Keeping pictures out, repeat the lines of the listing below exactly, starting at its first line and finishing with the one that holds "City of Syracuse".

## INFORMATION SHOWN
────────────────
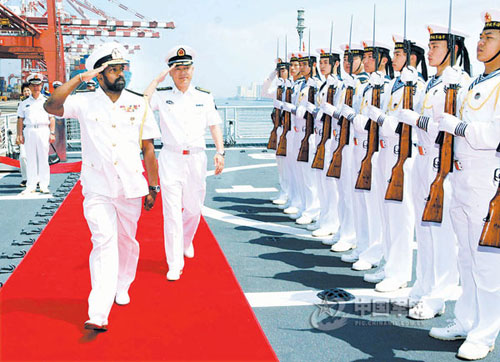 “廣州”艦停靠科倫坡港期間,中國(guó)駐斯里蘭卡大使楊秀萍及部分使館工作人員專門登艦看望并慰問來自祖國(guó)的海軍官兵。斯里蘭卡海軍西部海區(qū)司令克倫貝濟(jì)少將也登上“廣州”艦,對(duì)中國(guó)海軍的到來表示歡迎,并與中國(guó)海軍官兵進(jìn)行了友好交流。在楊秀萍大使、陳岳琪指揮員的陪同下,克倫貝濟(jì)將軍饒有興致地參觀了“廣州”艦;谒估锾m卡首都科倫坡目前社會(huì)形勢(shì)不穩(wěn)定,斯里蘭卡政府今天專門增派兵力,加強(qiáng)了對(duì)科倫坡港的警戒。
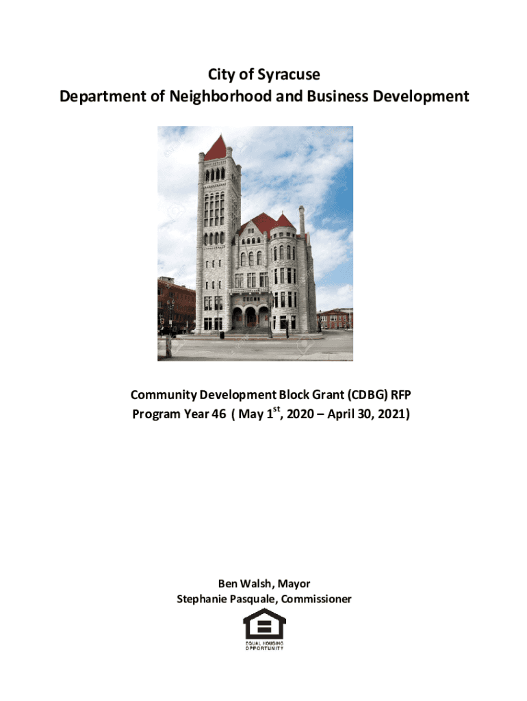 City of Syracuse Department of Neighborhood and Business DevelopmentCommunity Development Block Grant (CBG) RFP Program Year 46 (May 1st, 2020 April 30, 2021)Ben Walsh, Mayor Stephanie Pasquale, CommissionerApplication
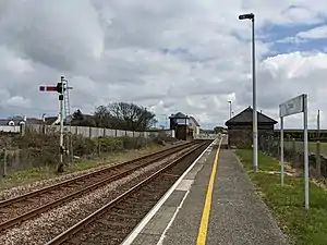 The station is unmanned and has no ticketing provision – all tickets must be bought in advance or on the train. The station buildings still stand and are now used as a private residence;[2] basic waiting shelters are provided for passenger use on each side. Digital display screens, timetable posters and a telephone provide train running information. Step-free access is available to both platforms via ramps from the road that crosses the line here, though the gradient on both makes the station unsuitable for wheelchair users.[3]
────────────────
## RESULT BELOW
 “廣州”艦停靠科倫坡港期間,中國(guó)駐斯里蘭卡大使楊秀萍及部分使館工作人員專門登艦看望并慰問來自祖國(guó)的海軍官兵。斯里蘭卡海軍西部海區(qū)司令克倫貝濟(jì)少將也登上“廣州”艦,對(duì)中國(guó)海軍的到來表示歡迎,并與中國(guó)海軍官兵進(jìn)行了友好交流。在楊秀萍大使、陳岳琪指揮員的陪同下,克倫貝濟(jì)將軍饒有興致地參觀了“廣州”艦;谒估锾m卡首都科倫坡目前社會(huì)形勢(shì)不穩(wěn)定,斯里蘭卡政府今天專門增派兵力,加強(qiáng)了對(duì)科倫坡港的警戒。
 City of Syracuse Department of Neighborhood and Business DevelopmentCommunity Development Block Grant (CBG) RFP Program Year 46 (May 1st, 2020 April 30, 2021)Ben Walsh, Mayor Stephanie Pasquale, CommissionerApplication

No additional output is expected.